Ask Certified Tax Coach -Reasonable Compensation Rules
“Please elaborate on the reasonable compensation matter. How is it possible to have a one person business and split earnings between reasonable compensation and distributions. How does this help with the Medicare surcharge in 2013?”
Certified Tax Coach, Dominique Molina, CPA CTC
While we all have differing preferences on the proper allocation of wages and distributions in an S corp- it is helpful to gain an understanding of how the tax courts are ruling in these cases.
In a recent court case (David E. Watson, P.C., 668 F.3d 1008 (8th Cir. 2012), an Iowa federal district court revealed its logic in applying the reasonable compensation test and it fares well for tax planners(and their clients). In this case, the court looks not to the total income generated . . . by the taxpayer’s own services in calculating his employment income, but rather what a third party expert said the value of his services were worth.
Again, the argument is won not based on the fair market value of the taxpayer’s own services, but those of an average, similarly situated taxpayer, whose services might be worth less than that of a given taxpayer’s.
Anyone surprised by the Watson decision? CPA takes $24k of salary, and 200k of distributions. Hmmm what is the reasonable compensation for a CPA these days?? I made more than that my first year out of college!
Some important issues came out of this case for us. Of note:
The 8th circuit explained that the issue was NOT whether some minimum compensation must be paid, but whether the compensation paid was REASONABLE.

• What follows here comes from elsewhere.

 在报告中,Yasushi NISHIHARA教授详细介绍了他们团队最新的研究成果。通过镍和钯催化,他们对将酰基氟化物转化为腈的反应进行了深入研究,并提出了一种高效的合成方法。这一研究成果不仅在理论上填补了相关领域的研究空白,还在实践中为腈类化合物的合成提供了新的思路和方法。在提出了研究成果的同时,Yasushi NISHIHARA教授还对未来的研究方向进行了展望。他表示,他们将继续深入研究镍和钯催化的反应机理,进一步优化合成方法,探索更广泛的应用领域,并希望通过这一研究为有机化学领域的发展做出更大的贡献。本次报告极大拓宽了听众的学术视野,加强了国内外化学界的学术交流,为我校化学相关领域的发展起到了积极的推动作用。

Also of note, the court only reclassified an additional 67k to salary, leaving $133,000 sheltered from FICA.
I see this as a real win for us who use this strategy properly and within the bounds of the law.
Many high profile taxpayers have successfully used this strategy to minimize Medicare tax. When Newt Gingrich released his tax returns during his bid as the Republican Nominee, wise tax planners took note of his use of the S corp strategy. Gingrich treated just $444,000 as compensation and a whopping $2.4 million dollars as profits!
In another example – Senator John Edwards reported salary of $360,000 and distributions of $5million through his S corp law practice. Over a 4 year period, his distributions totaled $27 million.
The tax planning that Gingrich and Edwards implemented using S corporations is not illegal and is not even an abusive tax shelter although it can be misused when not applied properly.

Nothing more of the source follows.